Let’s not worry about the Mt. Soledad Cross

By Rabbi Ben Kamin

Rabbi Ben Kamin
Rabbi Ben Kamin

SAN DIEGO — The Los Angeles Times editorial board published an opinion today that the 59-year old infamous high Cross above Mt. Soledad in La Jolla, Ca., should be removed: “A cross is not a universal symbol for memorializing the dead. It is a Christian marker.” This is but the latest legal challenge (not all brought by non-Christian groups, many by activist legal societies) to the Cross, which is also a signal tourist attraction here in San Diego.

If a Cross is not a universally used symbol for memory or faith, then neither is the Star of David or the Crescent such an icon. If that were the case, then the entire military doctrine that US military chaplains remain liturgically inclusive and equipped to pray with or for military personnel of any faith at any time is invalid.

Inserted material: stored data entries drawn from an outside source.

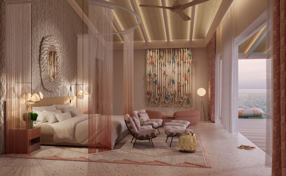 Die Wasservillen sind verteilt auf zwei Inseln, jeweils mit 45 m langem, schwebendem Infinity-Pool und mit Strand- bzw. Wasserzugang, sehr modern und fast schon futuristisch, farbenfroh eingerichtet.
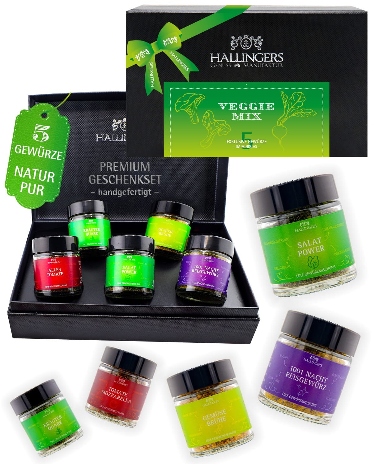 Vegetarische Grillgewürze Geschenkset – 5 Premium Gewürze zum Grillen & BBQ in edler Geschenkbox, Gewürze Set "Veggie Mix", Geschenkidee für Männer &
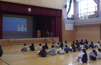 毎年始業式には4~6年生が作文発表を行っていましたが、今回は「冬休みの思い出と3学期に頑張りたいこと」をスライドにまとめ、発表しました。
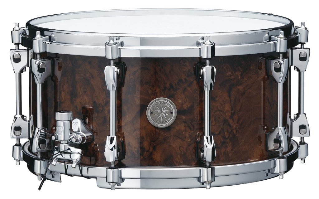 Sette strati di noce americano dallo spessore complessivo di 6 mm per il nuovo Starphonic Walnut Snare Drum da 14 per 7 pollici, particolarmente versato nelle frequenze medio-basse, anche grazie ai cerchi grooved hoops, e decisamente elegante grazie al suo strato esterno in finitura laccata American Walnut Burl e ai tiranti a tutto fusto Freedom.
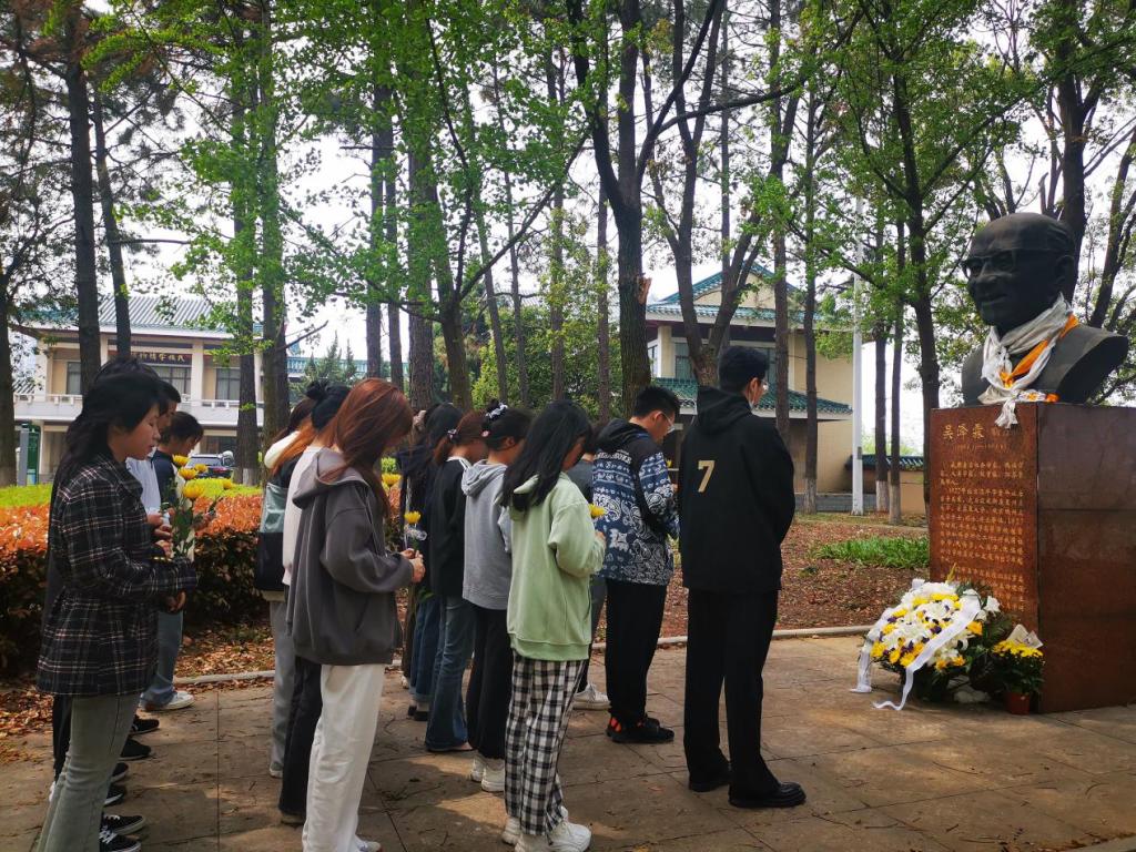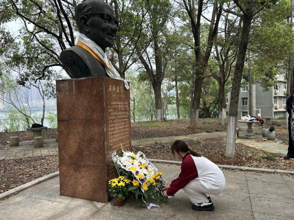为缅怀伟人先进事迹,传承前人奋斗精神,4月3日中午,药学院开展“清明祭哀思,精神永传承”祭扫活动,学院学工办主任陈玲、辅导员李丹和彭宇涵带领青年学生代表深切缅怀吴泽霖先生。活动由兼职辅导员方涛主持。
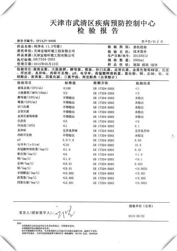 Water quality: On Sept.7th, Tianjin Yi Rui Environment Engineering Company inspected barreled drinking water, bottled water and Liquid pure water. The total bacterial count, coliform bacteria, yeasts, molds, turbidity, chloride,nitrite, chloroform, Volatile Phenols (phenol basis) and other 20 test items are in line with national testing standards GB 17324-2003. The water quality is excellent.
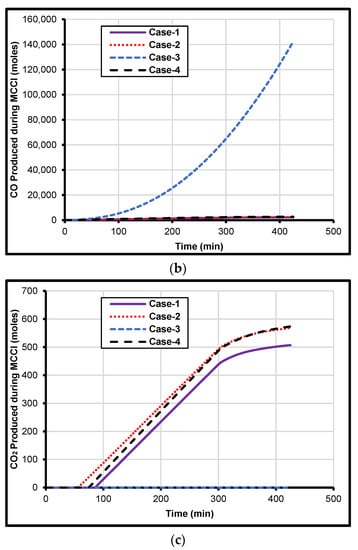 Similarly, Figure 11b shows that, for Case-3 corium, 142,000 moles of carbon monoxide were produced. However, for Case-1, Case-2, and Case-4, only 2710 moles of carbon monoxide were formed. Figure 11c displays the production of carbon dioxide with various corium compositions. The CO2 is generally considered to be the gas that mitigates the concrete ablation, decreases the temperature of melt/corium, and increases the viscosity of the melt. It can be observed that, for Case-1 corium, 500 moles of CO2 were produced, whereas, for Case-2 and Case-4, 573 moles of carbon dioxide were produced. However, for Case-3, the amount of CO2 generation was almost zero because the produced carbon dioxide is converted into carbon monoxide gas, as shown in Table 1. The analysis shows that the presence of zirconium and iron is critical in the conversion of fire extinguisher gas (CO2) to explosive gas (CO). Therefore, it is important to design the reactor such that the concentration of metals, especially zirconium and iron, is reduced to the minimum.
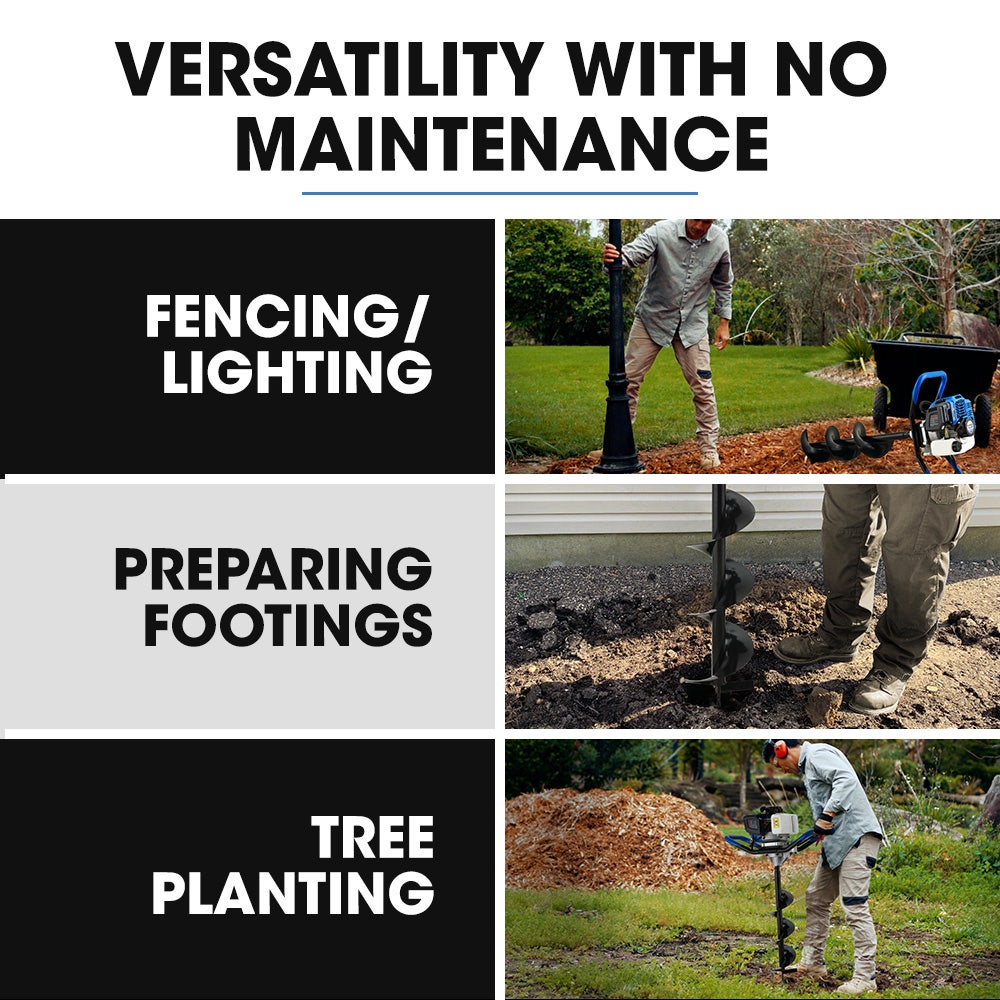 Introducing the PowerBlade PD750 2 Stroke 52cc Petrol Post Hole Digger – built to handle even the toughest digging tasks. With its high torque and easy-start 52cc engine, the PD750 delivers maximum power and efficiency. The anti-vibration vertical alignment ensures comfort and precision during operation, making it a breeze to use.
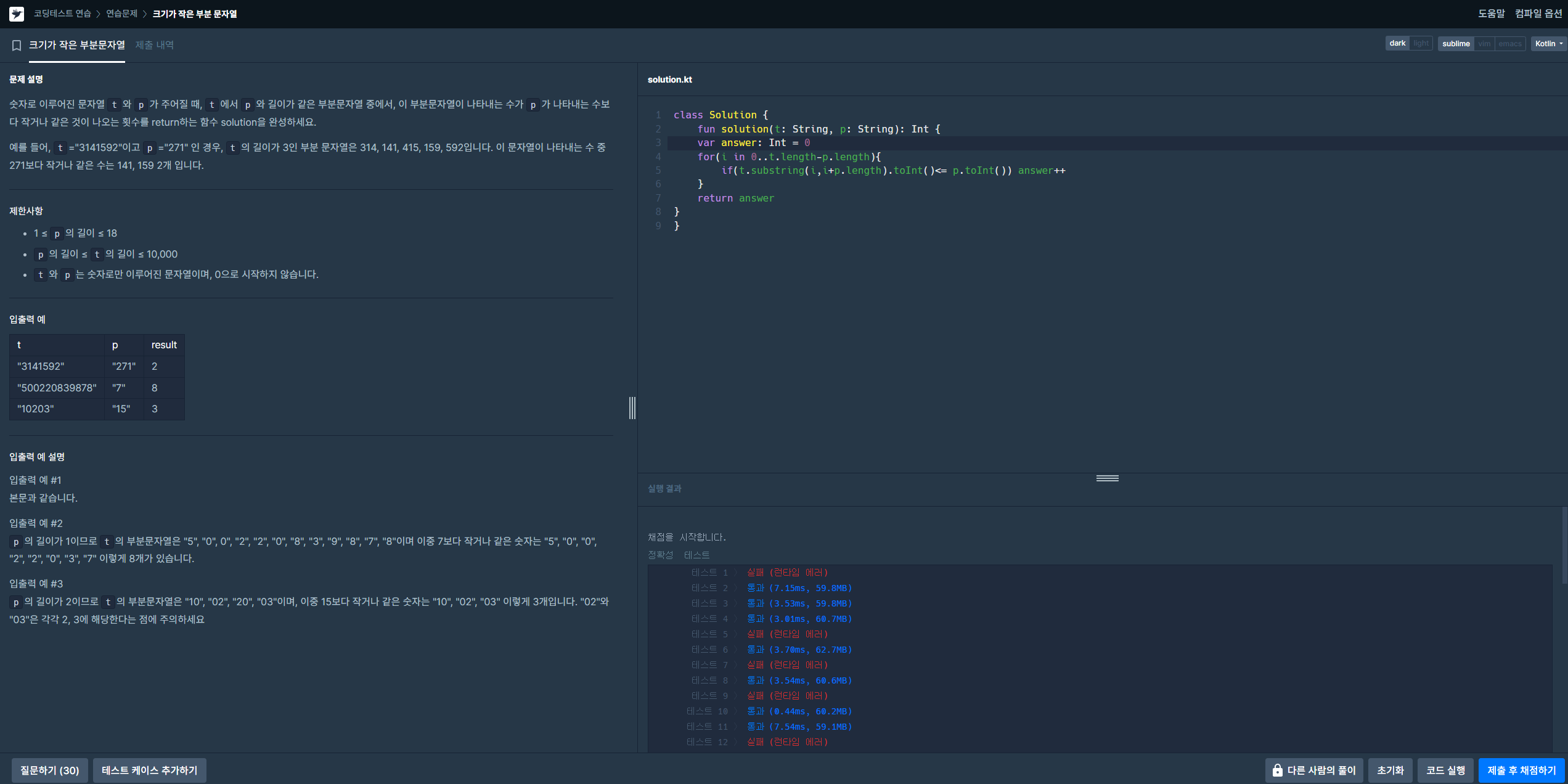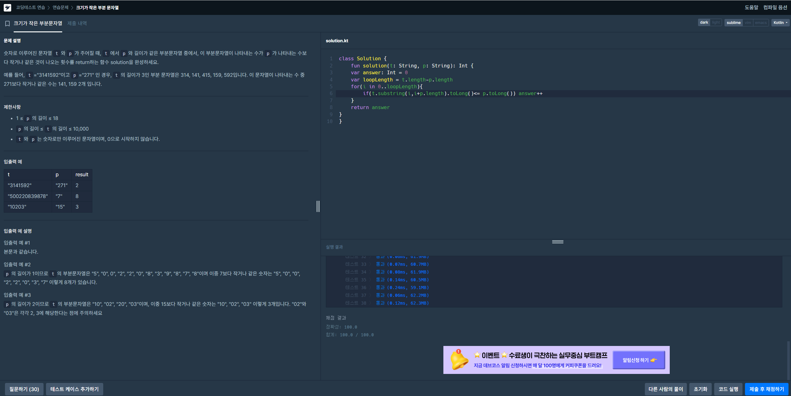 제한사항을 보면 t의 길이는 10000 이하로 되어있으므로 t의 길이가 매우 클경우도 생각해야하기 때문에 Int타입이 아닌 Long타입으로 변환해줘야한다

This is America, for God’s sake. Let’s not get stuck on technicalities or rewind old paranoia. Apparently the Cross had anti-Jewish implications when it was first erected—an unfortunate symbol of Christian resistance to Jewish property owners in La Jolla. Many of the citizens who fought that reprehensible social policy, most prominently Roger Revelle of the University of California San Diego, were Christians. The Cross atop Mt. Soledad didn’t interfere with their pleas for social justice and La Jolla has long been strengthened by its multicultural demographics.

After six decades, and hundreds of thousands of visitors, cyclists, hikers, thoughtful folks who simply admire the inspiring vista of land, sky, and ocean, the Cross remains simply a beacon, a marker, and a landmark.

I once lived adjacent to the site and it did not bother me then and I it does not bother, offend, or intimidate me now. I remain much more concerned about the glaring mercantilism that has by now drained all the fall/winter holidays, from Thanksgiving to Hanukkah to Christmas, of any dignity or theological poetry.

Is the cross technically or constitutionally out-of-bounds? Perhaps. Does it even remotely threaten my spiritual life? Not in the least. When I visit the breathtaking site, I see images and read stories of American war veterans whose narratives are embossed with all religious symbols. This Jew is not going to succumb, in America in 2013, to the notion that the Christian cross, by definition, is a not sign of peace.

To quote the commentator Ben Stein: “I don’t like getting pushed around for being a Jew, and I don’t think Christians like getting pushed around for being Christians. I think people who believe in God are sick and tired of getting pushed around, period. I have no idea where the concept came from, that America is an explicitly atheist country. I can’t find it in the Constitution and I don’t like it being shoved down my throat.”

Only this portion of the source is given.